Ben şahsen Metal Gear Solid’in PC’ye bu kadar başarılı aktarılabileceğini düşünmezdim, sanırım bunda yapımcı firmaların büyük payı var. Oyunun konusu güzel, sesler ve müzikler çok iyi düşünülmüş, oynanabilirliği belli bir noktadan sonra rahat, canınız sıkılmıyor ve oyun bir film havası içinde geçiyor. Oyunda takıldığınız yerlerde, merkezden telsizinizle yardım almanız da gerçekten çok faydalı ve güzel düşünülmüş.

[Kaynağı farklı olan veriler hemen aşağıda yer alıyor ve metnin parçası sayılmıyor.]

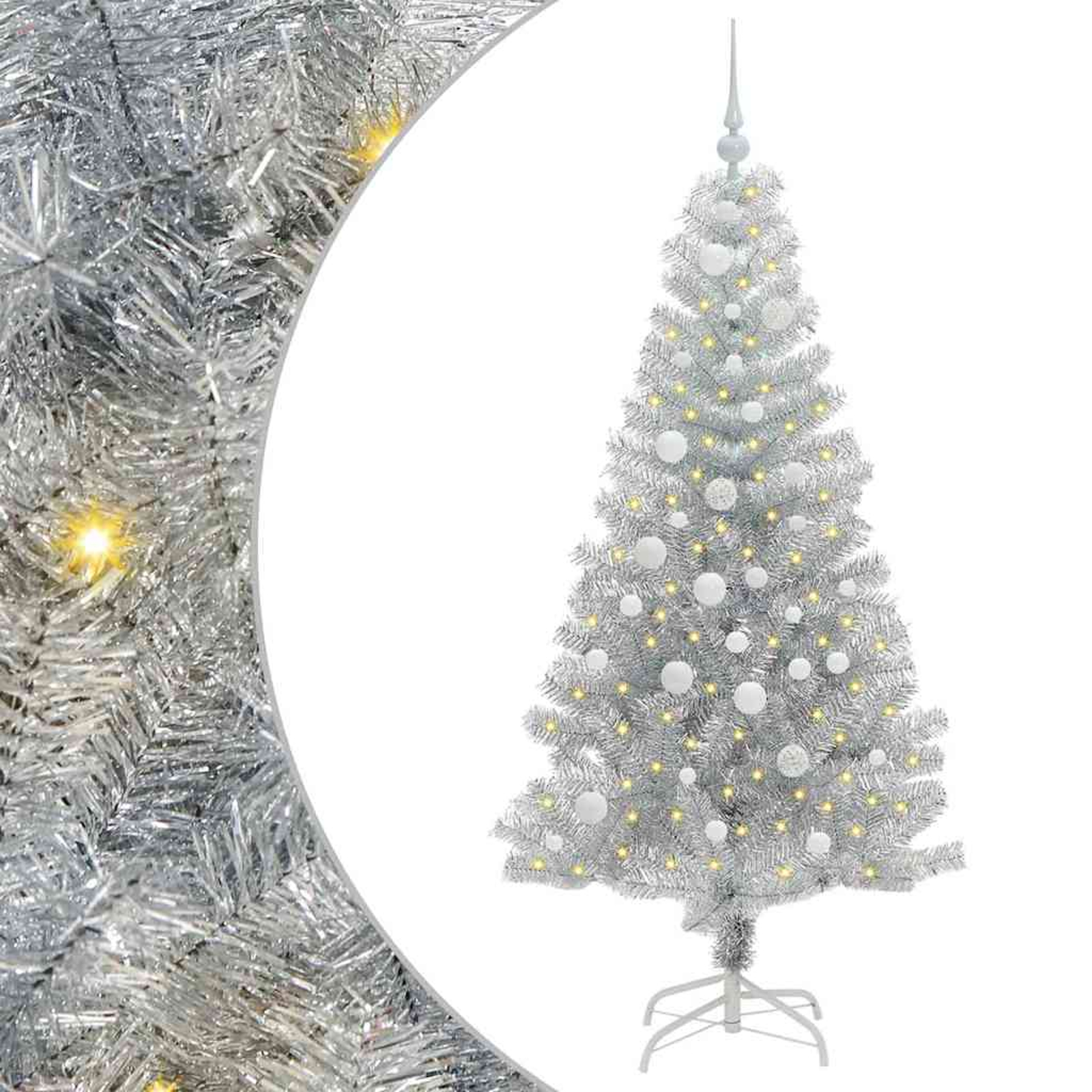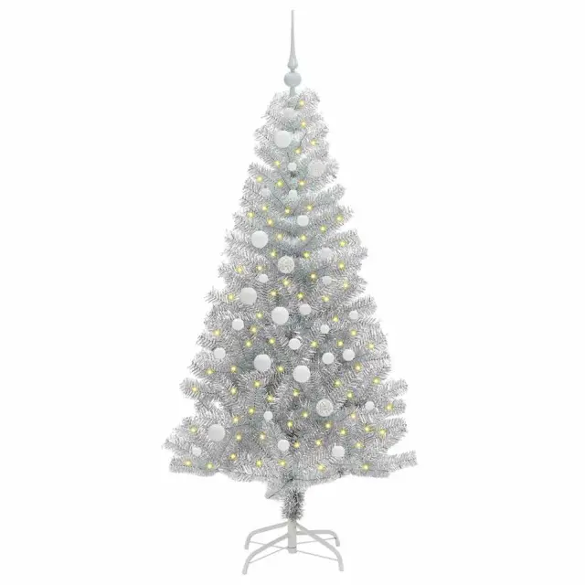 vidaXL Božično drevo med 150 LED z stojalom srebrna 150 cm PET

Fakat bu kadar güzel şeyin yanında kusur bulmadan da sanırım yapamıyoruz. Oyunun grafikleri bence hiç yakışmamış bu oyuna. Günümüz teknolojisini düşününce, bu oyun 2-3 sene önce yapılmış da yeni piyasaya sürülmüş gibi bir izlenim bırakıyor. En yüksek çözünürlükte bile, görüntü kalitesi çok yüksek değil. Kahramanımızın yüzü, konuşma sırasında hiçbir hareket göstermiyor. Oyunda film diye bir şey de yok diyebilirim, herşey oyunun motoru kullanarak hazırlanmış. Yalnız ben bu durumu çoğunlukla Microsoft oyunlarında görüyorum. İçeriğe, oynanabilirliğe çok büyük önem veriyorlar fakat filmleri unutuyorlar. Belki sesimizi duyarlar da filmleri ve grafikleri daha da güzelleştirmek üzere çalışırlar.

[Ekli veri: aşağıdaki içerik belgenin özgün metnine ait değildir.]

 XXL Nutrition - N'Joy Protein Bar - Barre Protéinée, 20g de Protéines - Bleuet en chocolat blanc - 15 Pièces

Aradaki konuşmalar, film tarzı sahneler bu kadar uzun olmasaydı sanırım oyun bir veya en fazla iki gününüzü alırdı. Seslerin ve sahnelerin uzunluğundan şikayetçi olamayacağım, çünkü bence bir oyun aldı mı uzunca bir süre oynayabilmek gerekir.

Bu oyun birçok yönüyle beni memnun etti, en çok da hala PlayStation’dan PC’ye kaliteli uyarlamalar yapılabileceğini gördüğüme sevindim. Değişiklik isteyenler için kaçırılmaması gereken bir oyun.